I suppose one only has to think back to the Kenya embassy bombing to see why.

Nairobi, Kenya and Dar Es Salaam, Tanzania are very significant in terms of what we do now and how our bureau operates. After those instances, Congress required new security measures never seen before by embassies and consulates. That partially resulted in our new embassy construction program. We were constructing 1-2 new embassies a year. We now construct 5-10 new embassies a year.

So how did you go from Stanford to the State Department?

I had visited Washington DC one summer and I loved the area. When I got back to campus in the fall I targeted my internship search for businesses or organizations which had offices in DC. I went to the October career fair. I never would have thought that a mechanical engineer would be needed by the State Department but I spoke to the recruiter, who was an Ambassador in Residence at Cal Berkeley. She was doing the recruiting for Stanford. I flat out asked her, “I’m looking to move to Washington DC, does the State Department hire mechanical engineers?” And she said, yes I can think of a couple of bureaus. She encouraged me to submit my internship application and I was selected. I interned for OBO in the summer of 2004.

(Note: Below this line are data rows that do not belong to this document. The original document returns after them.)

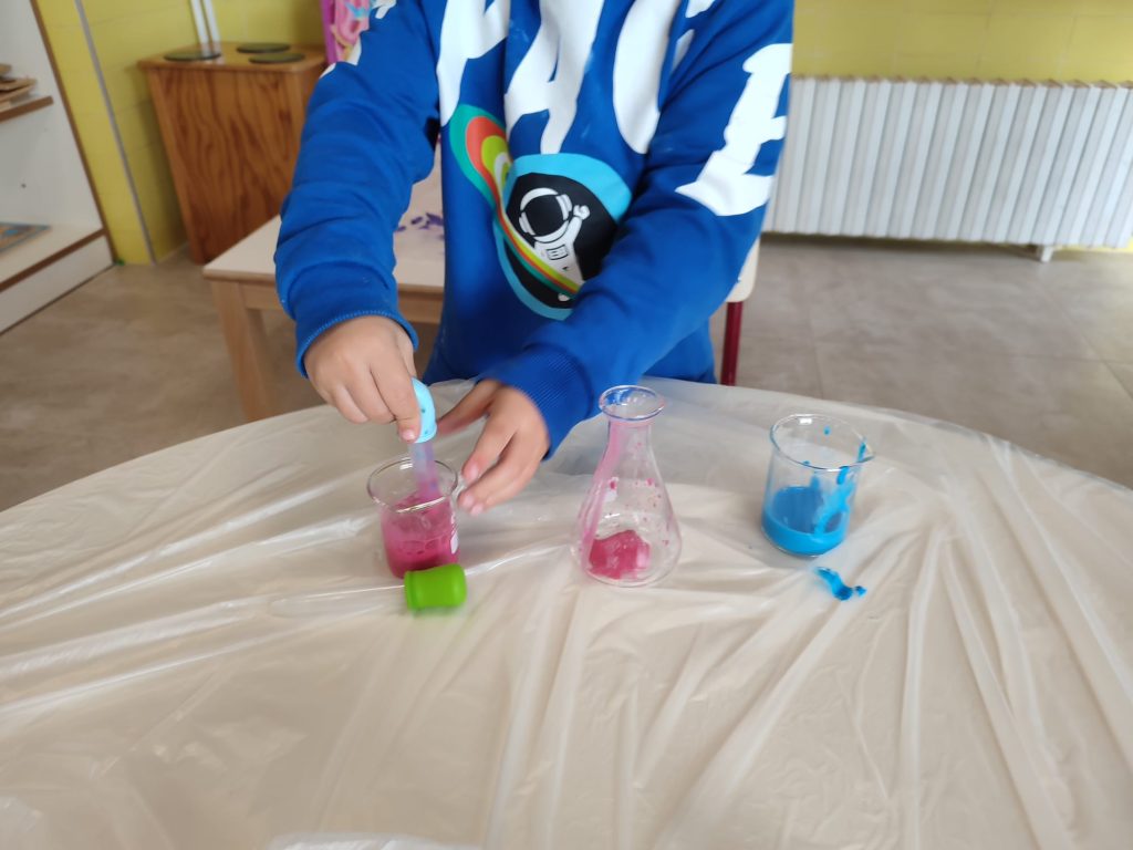 Com que a l´alumnat li encanta investigar, manipular, mesclar…Hem treballat els colors, les mescles i l´autonomia amb la neteja de mans i utensilis utilitzats.
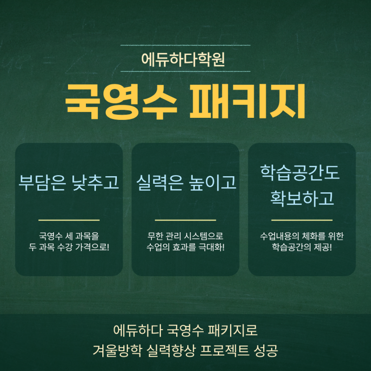 안녕하세요! 신원동 학습 동반자 에듀하다학원입니다! 겨울 날씨가 참 변덕스럽기 그지없네요. 건강 유의하셔야 할 변덕스런 날씨입니다. 오늘은 에듀하다학원 윈터스쿨에서 준비한 국영수 패키지 프로모션에 대해 포스팅 해볼게요~~ 먼저 대상은 예비고 1, 2이구요. 국영수 세 과목을 599,000원에 수강가능한 파격적인 프로모션을 진행합니다!!! 두 과목 수강 금액으로 국영수 세 과목을 수강할 수 있는 절호의 기회! 국영수 패키지 프로모션을 통해 에듀하다의 수업 퀄러티와 무한 관리 시스템을 경험하시고 학생들의 실력 향상을 확인하세요!! 이것만 있냐구요? 에듀하다학원은 기왕 하는 프로모션 화끈하게 진행한답니다~ 국영수 패키지 수강....... <img src="https://blogthumb.pstatic.net/MjAyNTEyMjlfNDcg/MDAxNzY2OTg2MTI0MDQ1.MlbHXMGsHFC1OyBugcqyC1FAaghIoMGCtI55FhsSzEQg.HE9yIrYXIht7PgnQagv2TxI7VQ6bkzCdhPyh0WhDFrwg.PNG/%C6%D0%C5%B0%C1%F6.png?type=s3" />
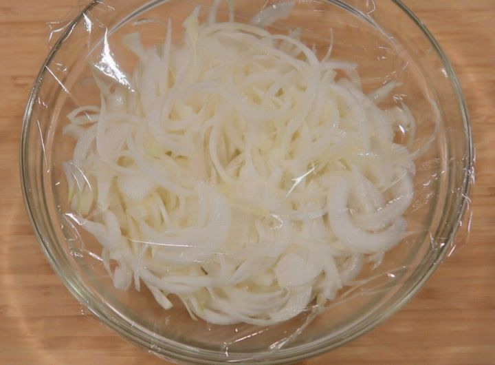 カットした新玉ねぎを耐熱ボウルに入れ、オリーブオイル(小さじ2)と塩ひとつまみ(分量外)を加え全体をよく混ぜ合わせます。つづいてふんわりとラップをかけ、電子レンジ(600w)で約4分あたためます。
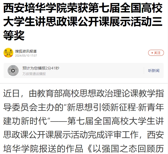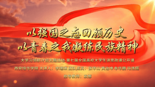 近日,由教育部高校思想政治理论课教学指导委员会主办的“新思想引领新征程·新青年建功新时代”——第七届全国高校大学生讲思政课公开课展示活动完成评审工作,西安培华学院报送的作品《以强国之态回顾历史,以青春之我凝练民族精神》获得全国本科组三等奖,这是西安培华学院第一次获得此奖项,标志着学校思政教育教学改革在创新实践方面取得了重要突破,彰显了培华学子在深入挖掘历史内涵、传承民族精神方面的责任担当。
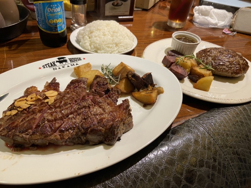 夜は毎度の1ポンドステーキと300g ハンバーグ(๑>◡<๑)
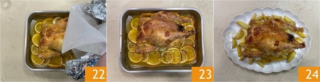 Après la première heure, retirez les feuilles de couverture 22 et continuez à cuire pendant encore 30-45 minutes, en arrosant le chapon avec le jus de cuisson de temps en temps, jusqu'à ce que la peau devienne dorée et croustillante 23. La température interne devrait atteindre 75 °C. Une fois cuit, sortez le chapon du four et laissez-le reposer pendant 15-20 minutes avant de le servir. Accompagnez le chapon aux agrumes de Pommes de terre au four ou d'une Purée de pommes de terre 24.
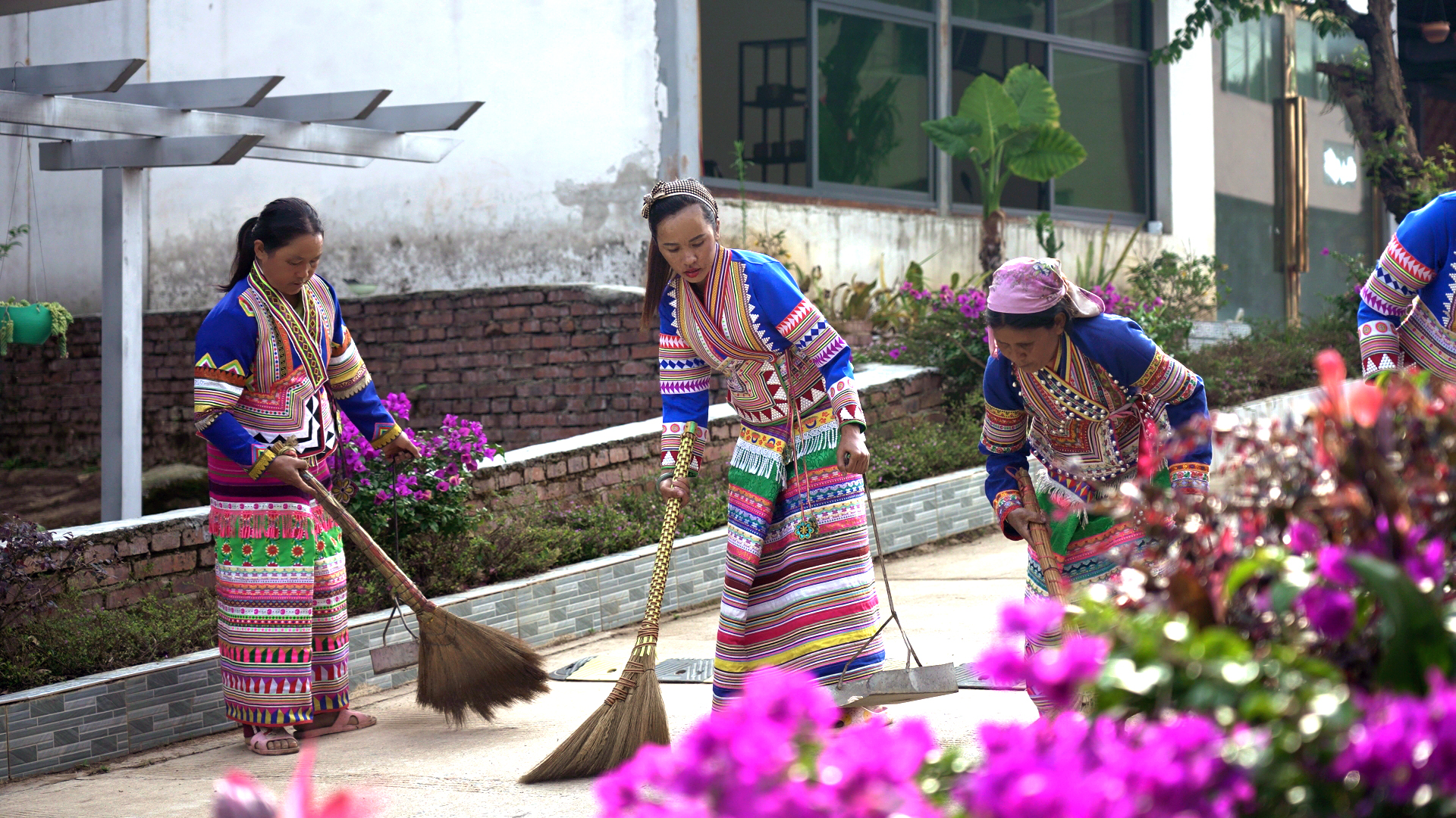 走进这座拉祜族村寨,家家户户精致的庭院令人眼前一亮。石板小径蜿蜒穿过花丛,三角梅在墙角热烈绽放,竹制桌椅摆在树荫下,柴火码得像“豆腐块”般整齐。“以前哪敢想院子能这么美!”村里的老人语气里满是感慨,“那时候院墙堵得慌,柴火堆得比人高,想找个坐的地方都难,现在坐在院子里喝茶,比城里公园还舒服。”
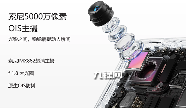 主攝攝像頭:5000萬像素,索尼LYT600傳感器(即索尼IMX882),1/1.95英寸,0.8μm,F(xiàn)1.88光圈,等效焦距26mm,OIS光學(xué)防抖,支持自動(dòng)對焦(AF),5P
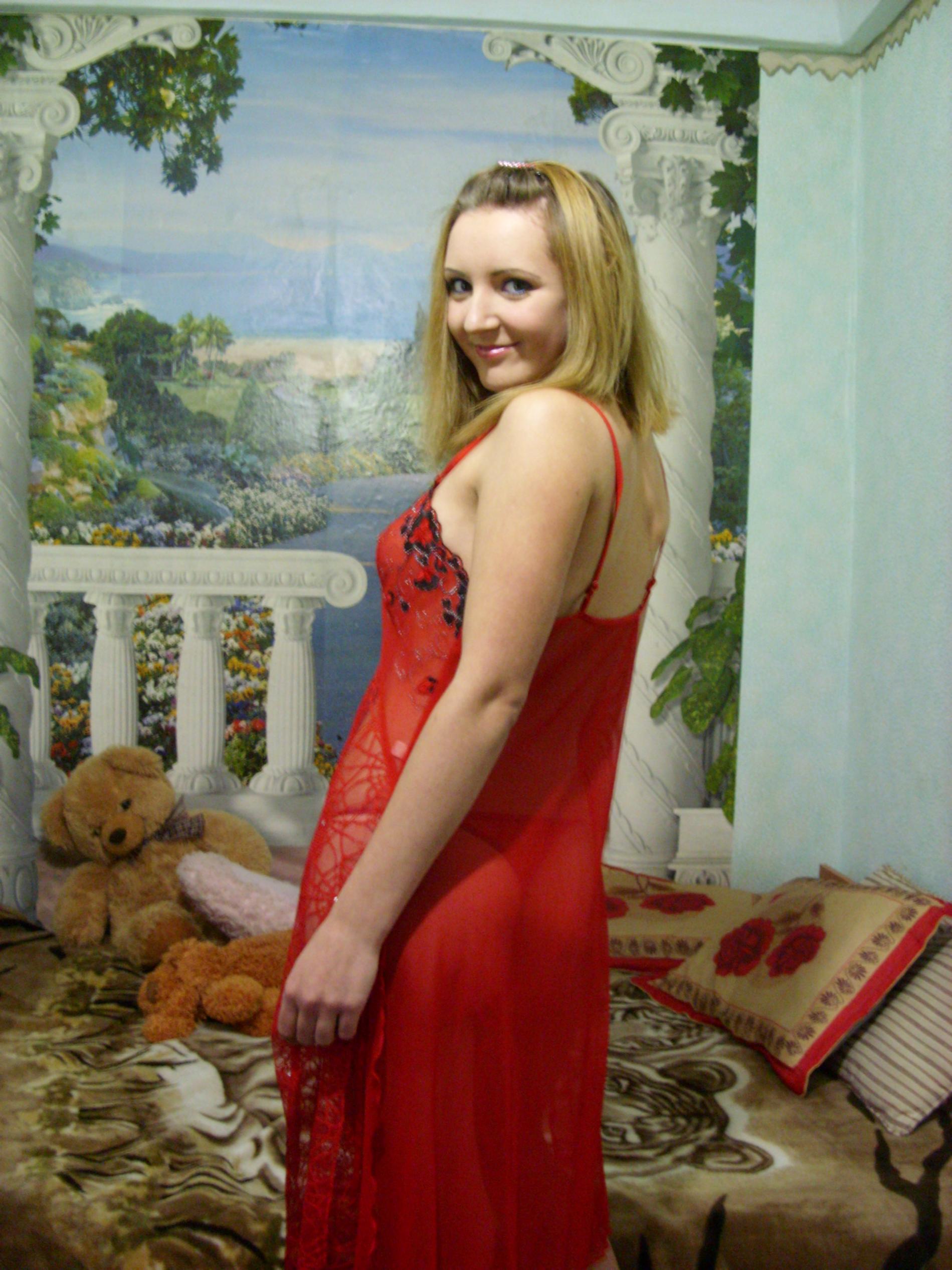 Очень красивая девушка игриво позирует в красном пеньюаре. Очень откровенная девушка!
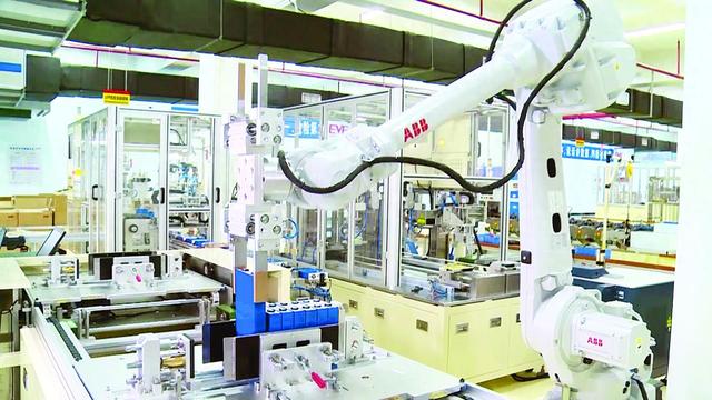 億緯鋰能方形鐵鋰電池模組自動(dòng)化生產(chǎn)車(chē)間。

Was anything you learned here particularly valuable in your work now?

Basically the general principles of thermodynamics and heat transfer. Advanced Thermal Systems (ME 140) was my favorite mechanical engineering class and really taught me to take a systems approach to mechanical engineering.

I’m now a co-vice president for the Washington DC Stanford association chapter and we had a new-admit reception recently. I was trying to convince some potential engineering majors to go to Stanford as opposed to MIT. I mentioned that class and said it was an amazing class because I felt it represented almost all of my undergraduate education: basic engineering principles and fundamentals, but also chemistry, computer programming, and some junior and senior level mechanical engineering courses. It was simply the course that completed my undergraduate education.